About this exercise
For this exercise, write each entry below out precisely and omit the pictures.

Supplied records
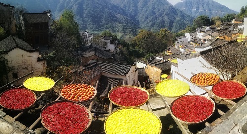 答案:丰收的农作物,晒秋是一种典型的农俗现象,具有极强的地域特色。生活在山区的村民,由于地势复杂,村庄平地极少,只好利用房前屋后及自家窗台、屋顶架晒或挂晒农作物,久而久之就演变成一种传统农俗现象。“秋”指丰收的农作物和果实。其实晾晒这种农俗现象,并非秋季“专属”,一年四季都有展示,只不过秋季丰收季节,表现得更为丰富、更为“神韵”些罢了。
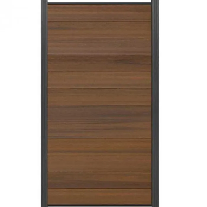 Schutting composiet co-extrusie Garda teak met antraciet aluminium kader (90 x 180 cm). Deze schutting wordt geleverd als een zelfbouw pakket waarmee je zelf een unieke schutting kunt maken.
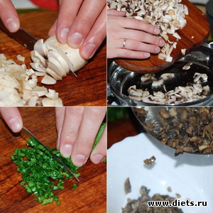 Шампиньоны мелко нарезаем, подсаливаем и обжариваем до готовности. Пока жарятся грибы, мелко рубим петрушку.
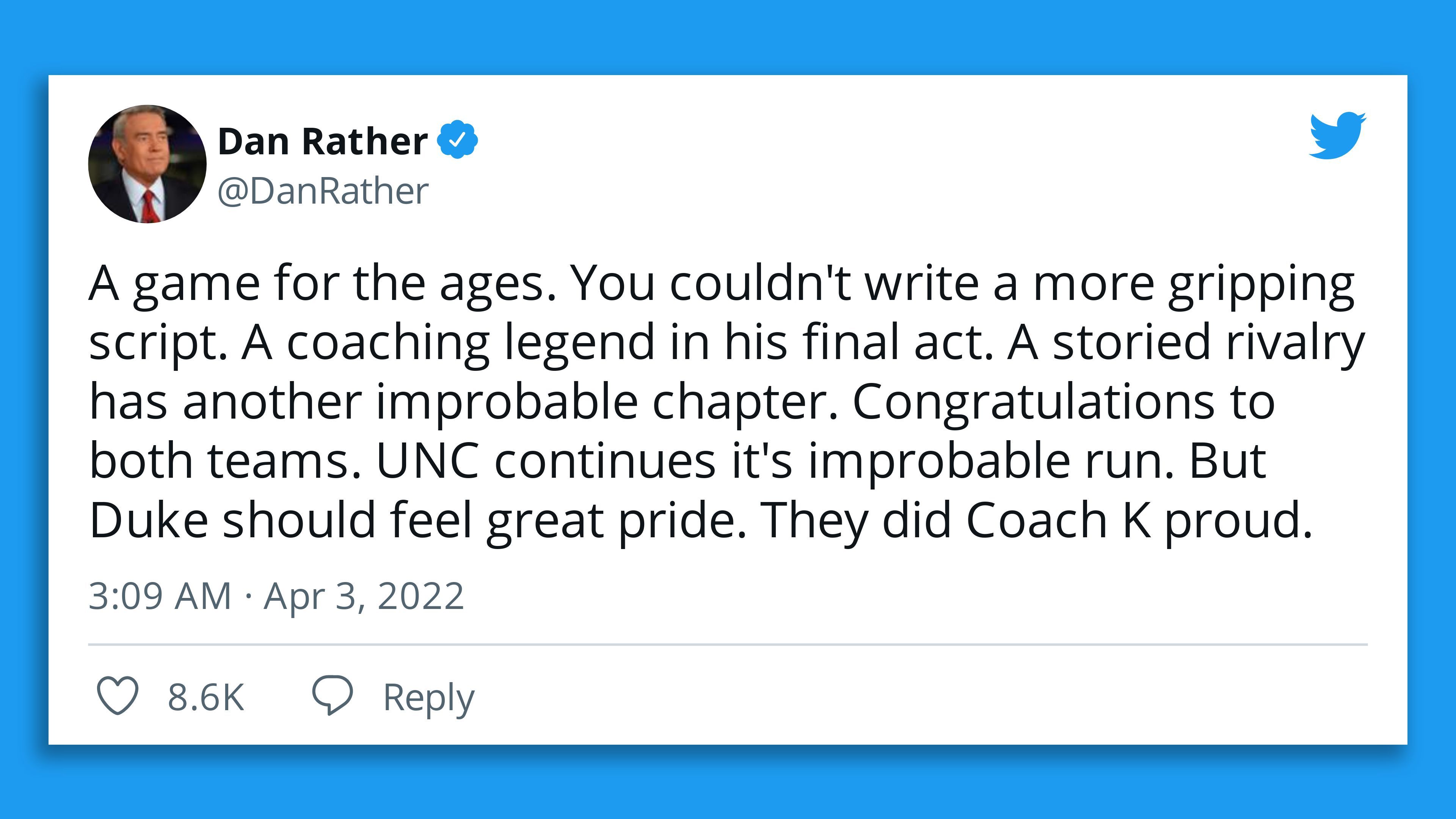 - With Coach K retiring after this season, this was the 258th, most consequential and — just maybe — the very best meeting between these teams, whose arenas are separated by 11 miles down Tobacco Road, from Durham to Chapel Hill, N.C.
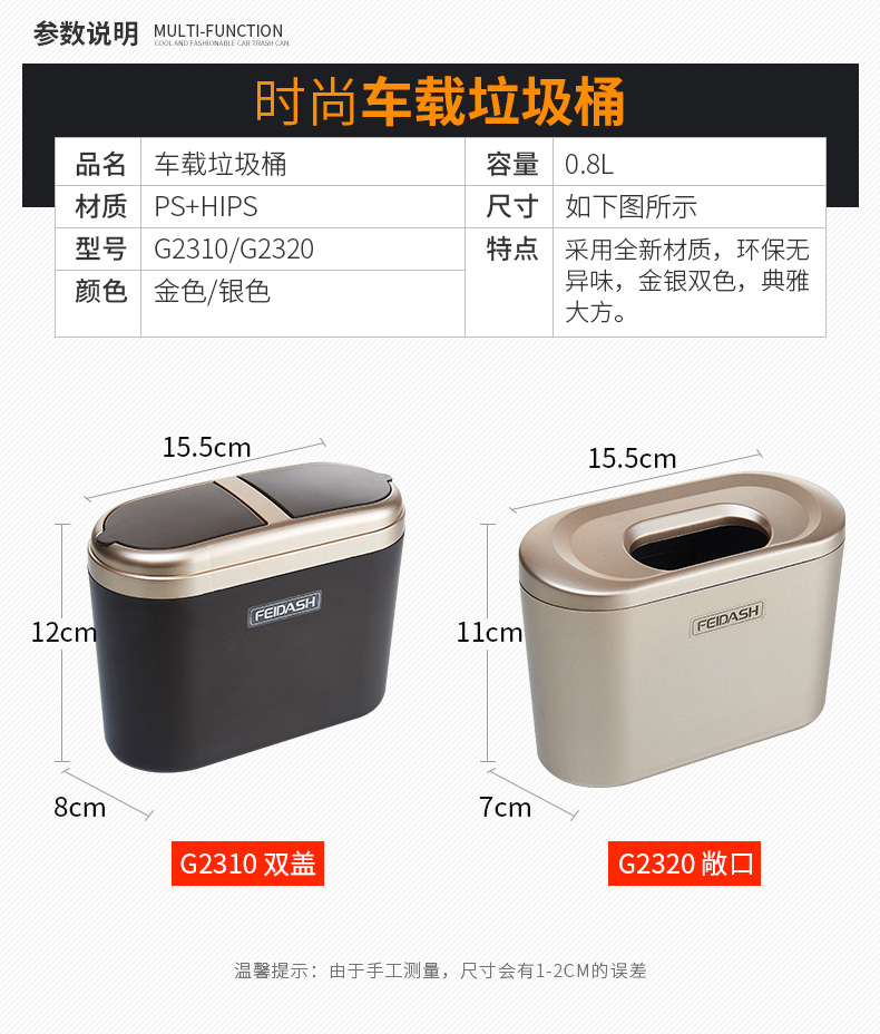 品牌名称:jiuyou登录入口三和 生产地区:中国·浙江·台州 jiuyou登录入口货号:G2310 装箱数:48 jiuyou登录入口尺寸:160*90*120mm 外箱尺寸:51*35*53cm 条形码:6931643813785 jiuyou登录入口三和G2310 车用垃圾桶(0.8L)
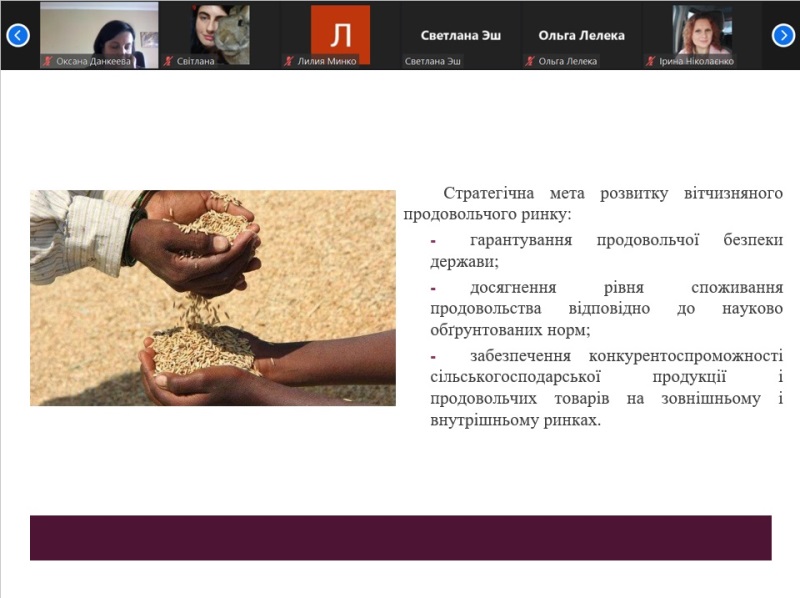 У ході відкритого заняття здобувачі ознайомились із основними поняттями та особливостями продовольчого ринку, показниками оцінювання його ефективності та основними оціночними критеріями рівня продовольчої безпеки, забезпечення якої є основною ціллю розвитку продовольчого ринку.

Finished exercise
 答案:丰收的农作物,晒秋是一种典型的农俗现象,具有极强的地域特色。生活在山区的村民,由于地势复杂,村庄平地极少,只好利用房前屋后及自家窗台、屋顶架晒或挂晒农作物,久而久之就演变成一种传统农俗现象。“秋”指丰收的农作物和果实。其实晾晒这种农俗现象,并非秋季“专属”,一年四季都有展示,只不过秋季丰收季节,表现得更为丰富、更为“神韵”些罢了。
 Schutting composiet co-extrusie Garda teak met antraciet aluminium kader (90 x 180 cm). Deze schutting wordt geleverd als een zelfbouw pakket waarmee je zelf een unieke schutting kunt maken.
 Шампиньоны мелко нарезаем, подсаливаем и обжариваем до готовности. Пока жарятся грибы, мелко рубим петрушку.
 - With Coach K retiring after this season, this was the 258th, most consequential and — just maybe — the very best meeting between these teams, whose arenas are separated by 11 miles down Tobacco Road, from Durham to Chapel Hill, N.C.
 品牌名称:jiuyou登录入口三和 生产地区:中国·浙江·台州 jiuyou登录入口货号:G2310 装箱数:48 jiuyou登录入口尺寸:160*90*120mm 外箱尺寸:51*35*53cm 条形码:6931643813785 jiuyou登录入口三和G2310 车用垃圾桶(0.8L)
 У ході відкритого заняття здобувачі ознайомились із основними поняттями та особливостями продовольчого ринку, показниками оцінювання його ефективності та основними оціночними критеріями рівня продовольчої безпеки, забезпечення якої є основною ціллю розвитку продовольчого ринку.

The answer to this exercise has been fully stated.